1. 27
  1.  

  2. 5

    Personally, the most interesting aspect about this is the different ways you could represent the same information: schemaless (tuple, dict) vs schemaful (data class, named tuple), limited (NumPy arrays) vs effectively unlimited (others). The size of each object wouldn’t come into consideration except for extremely niche programs, such as those where the max size of each datum is known in advance (where NumPy arrays make sense).

    Also, how do each of these data types scale in memory if you have a million of them, each with a million fields?

    1. 1

      Store them in a more compact form such as pickle, and unpickle them ondemenad with a cache.

    2. 5

      This seems like it’s probably misleading, because it’s measuring the overhead of the high-level data structure and not accounting for how the size in memory will vary according to what you put in there.

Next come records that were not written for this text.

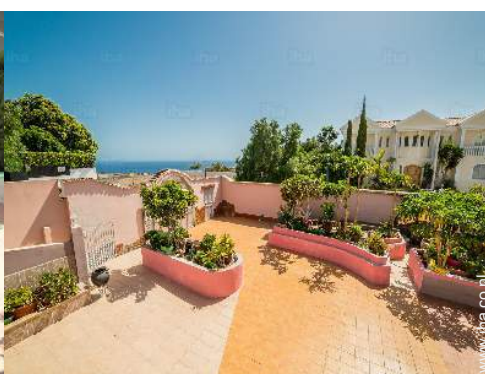
uitzicht vanaf het terras
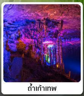
ดำเก้าทพ
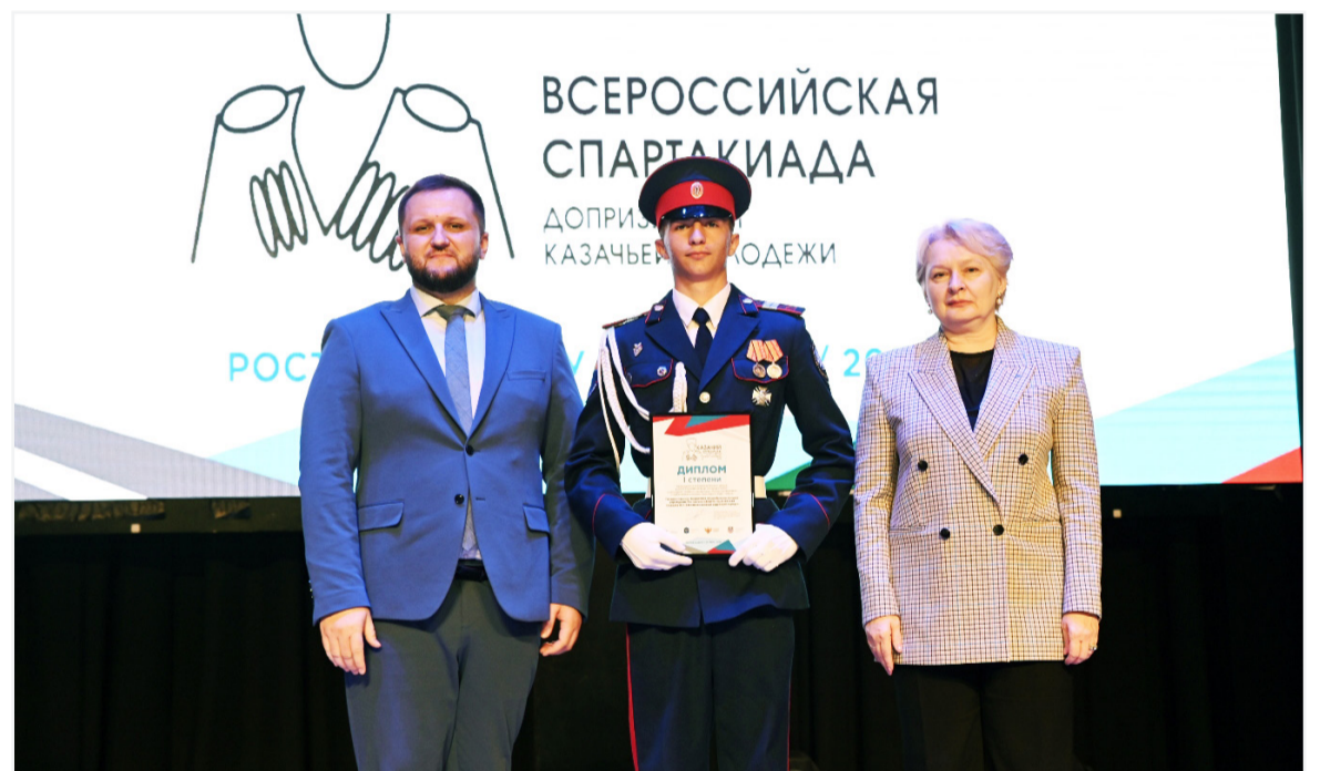
11 октября в РГЭУ (РИНХ) состоялась торжественная церемония закрытия и награждения победителей и призеров всероссийских этапов Всероссийской военно-спортивной игры «Казачий сполох» и Всероссийской спартакиады допризывной казачьей молодежи.

Соревнования проводятся Минпросвещения РФ при поддержке комиссии по содействию развитию системы казачьего образования Совета при Президенте РФ по делам казачества.

If you only ever store (Python) int and short strings containing code points from the latin-1 range, it’ll look very different than if you store, say, longer strings containing code points outside latin-1 (will at least double the storage for the string) or more complex types like lists or dicts.

      The string storage varies because internally Python always uses a fixed-width encoding, but chooses it per-string as the narrowest one capable of encoding the widest code point in the string — 1, 2, or 4 bytes.

      1. 2

        The string storage varies because internally Python always uses a fixed-width encoding, but chooses it per-string as the narrowest one capable of encoding the widest code point in the string — 1, 2, or 4 bytes.

        I thought that python used utf-8 internally. TIL, I guess.

        https://peps.python.org/pep-0393/

        1. 2

          As the PEP says, Python used to do either 2-byte (with surrogates) or 4-byte internal Unicode and which one was a compile-time flag baked into the interpreter. Then Python 3.3 switched to the dynamic per-string encoding choice used ever since.

          The advantages of this are that strings are always fixed-width storage — which is convenient for a lot of interactions with them, both at the Python and underlying C level — but without the inefficiency of UTF-32. There are cases where this makes better use of memory than “UTF-8 always” (since Python can get the first 256 code points in 1-byte encoding while UTF-8 can only get the first 128), and cases where it doesn’t (since a single code point past 256 switches the whole string to a wider encoding).

          1. 3

            What’s an example of an algorithm where fixed width code points is actually useful?

            1. 1

              Iterating is a lot easier with fixed width. Indexing is a lot easier with fixed width. Calculating length is a lot easier with fixed width.

              I know a lot of people really like to say that you shouldn’t be allowed to do those things to Unicode, but there are enough real-world use cases which require them that there’s no reason not to have them be that little bit nicer.

              Also it avoids the issue of how to expose variable-width storage to the programmer; in the old days before PEP 393, a “narrow” (2-byte Unicode) build of Python would leak lone surrogates up to the programmer. But if you’re going to normalize them to avoid that you have a complex API design problem of how to achieve that. Currently Python strings are iterables of code points, not of bytes or code units, which is a cleaner abstraction all around.

          2. 1

            Does any language use utf-8 internally? That seems like a very slow choice if you are doing a lot of string manipulation.

            1. 1

              Swift does for most purposes. If that is too slow, you are probably not dealing with proper strings.

              1. 1

                It doesn’t seem like it’s actually storing anything as UTF-8 in memory, but rather a collection of Character objects, which to me seems to be a subclass of an integer by reading the documentation. That is pretty much the OOP way of implementing strings as far as I can tell.

                1. 1

                  Storage is UTF-8 according to https://www.swift.org/blog/utf8-string/

                  A Character is a Unicode grapheme cluster and is realised on a much higher level than pure storage.

          3. 2

            Also, I don’t know if it’s still the case, but I know that it at least used to be true that Python dict aggressively resizes to keep the hash table sparse, so even if you use the lowest-memory-overhead container you can find, putting even a single dict inside that container is likely to wipe out all your careful micro-optimizing choices.

          4. 1

            How useful for me! Thank you for posting this.